If you aren't hearing a click when you push the button, then it's either a bad solenoid, bad rocker switch, or you have a broken wire somewhere between the two. The click you hear is the solenoid engaging. If you don't hear a click, then your solenoid is not working properly. You can test the switch by unhooking the switch wires from the solenoid and checking to see if the wires have continuity when you operate the switch. You can test the solenoid by jumping power to the inputs from the rocker switch. (disconnect the rocker switch wires from the solenoid to perform either one of these test)


----------



## Mad Mike

Ok thanks for the help gonna pull it apart tonight and check out the wires for some reason i think that i pulled a wire off because it worked earlyer that day and worked great pulled me out of a huge hole


----------



## oft brute

take your solenoid apart and clean the ends of the contacts with fine sand paper and then put some graphite on them. thats what fixed mine.


----------



## Waddaman

Is it the old Warn #2500? (before the RT) There the crappiest winches ive ever seen or owned. IMO get rid of it. Ive used mine 3 times in 1 year (NO HEAVY LOADS and it has stopped working 4 times. Needs complete tear down every time. Its broken right now im buying a viper elite or something ASAP. The crappy no names brand ones work better then the 2500 warn piece of junk. And then the solenoids on the warn's have just as many problems!


----------



## Mad Mike

good to know i think it came with the grizzly new in 05
im gonna tear it apart and get it working again and if it quits again its gettin tossed


----------



## oft brute

check out the new viper's their nice!


----------



## brutemike

oft brute said:


> check out the new viper's their nice!


 X2^ I had 2500 warn there junk and a waste of money i my mind i had to take mine apart once or twice a year and clean the mud out of it.


----------



## Mad Mike

Ok so here where im at changed soliniod and still nothing texted it with a test light and every post lights up as long as im connected to the red one if i use any other combo i get nothing. Pulled new one off and put old one back on and got all the same results. Had a switch and solinoid from a cheep canadian tire winch hooked it up to my winch and the winch works fine spooled in and out at a normal speed. So where do i go from here?


----------



## wcs61

^^ inside the winch itself. The electrical components are probably rusted or corroded. I would imagine the armature brush's are shot or the bushings are shot. The armature itself may be shorted or could have a broken winding. Not much engineering in these motors.


----------



## whoolieshop

If the switch and solenoid from the other winch made it work then there's nothing wrong inside the winch. 

To test the switch connect the test lead to ground then put the other End inside the connector then press the switch both in and out.

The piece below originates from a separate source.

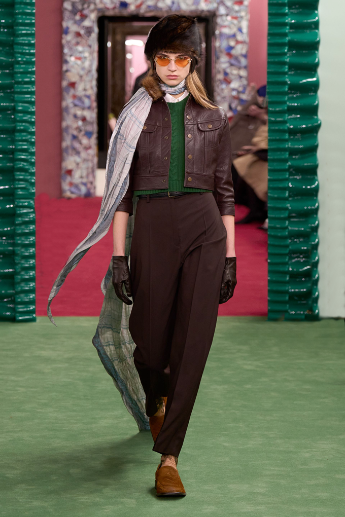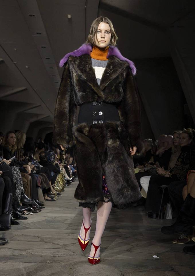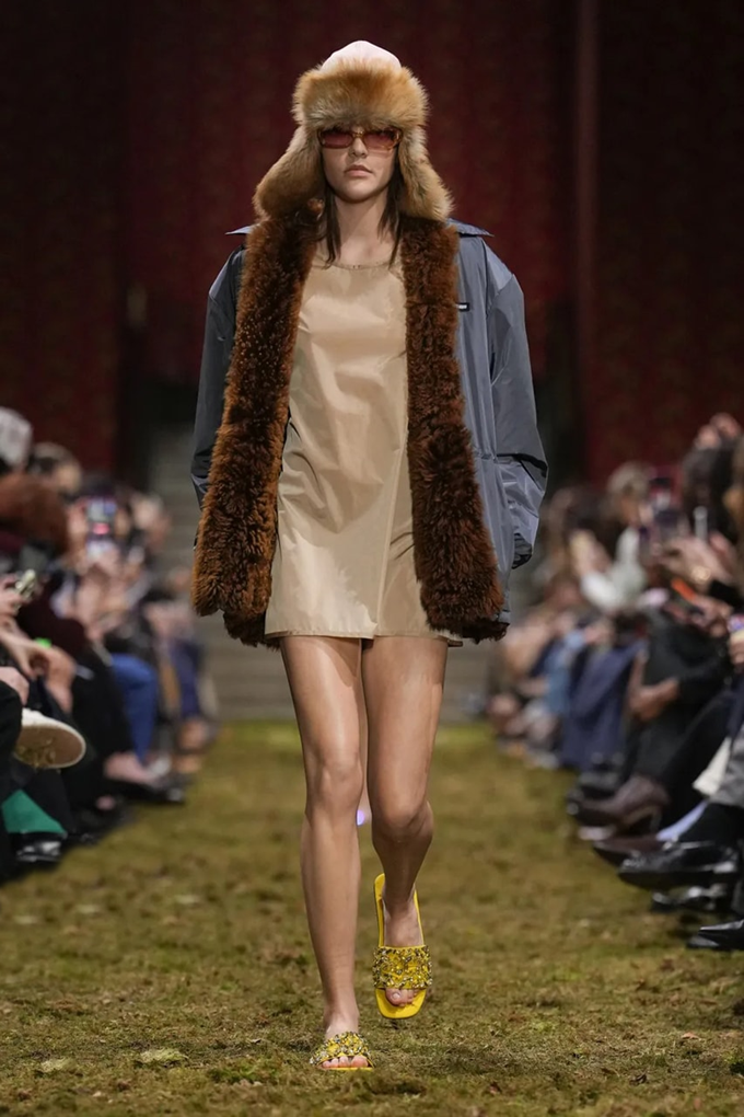 미우 미우는 풍성한 퍼 소재의 흔히 ‘군밤장수 모자’로 불리는 방한용 모자 트루퍼 햇을 대거 선보였다. 귀를 덮는 덮개가 달린 트루퍼 햇은 혹한 속에서 말을 타던 병사들이 체온을 유지하기 위해 착용하던 모자에서 유래했다.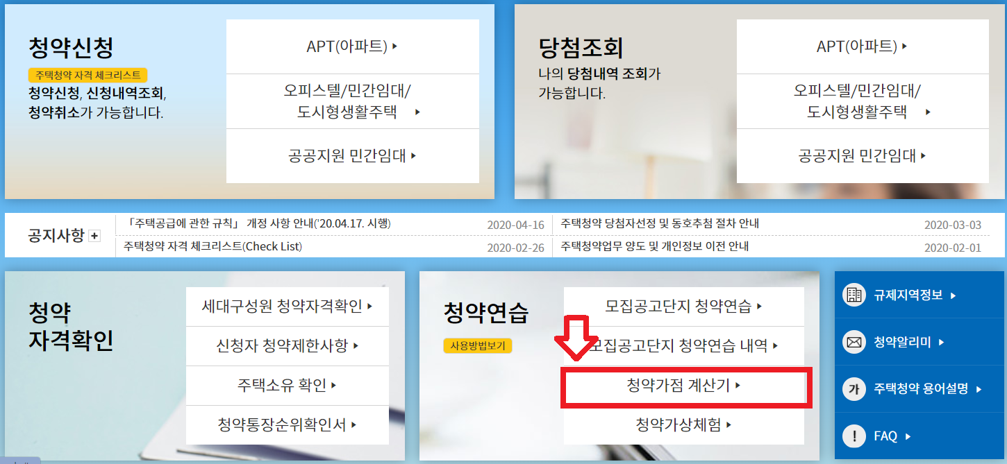 www.applyhome.co.kr 청약홈 바로가기 (링크) 를 이용해서 바로 접속해 줍니다. 접속을 한 뒤 청약가점 오른쪽 하단 청약 연습에서 청약가점 계산기를 찾아줍니다.

If the test light comes on test the other wire it should light the opposite way when you press the switch

If the light doesent light at all you will need to check that the red wire in the switch harness has power could have a blown fuse

If it has power but none when you press the buttons you have a bad switch

If it has power both ways you have a bad contactor


---
- Sent from my iPhone using Tapatalk


----------



## wcs61

pondtunes said:


> If the switch and solenoid from the other winch made it work then there's nothing wrong inside the winch.
> 
> - Sent from my iPhone using Tapatalk


 UP TWO


----------



## Mad Mike

Well guys thanks for the help got it all fixed and working all it was was the red wire on the switch had a bad connection


----------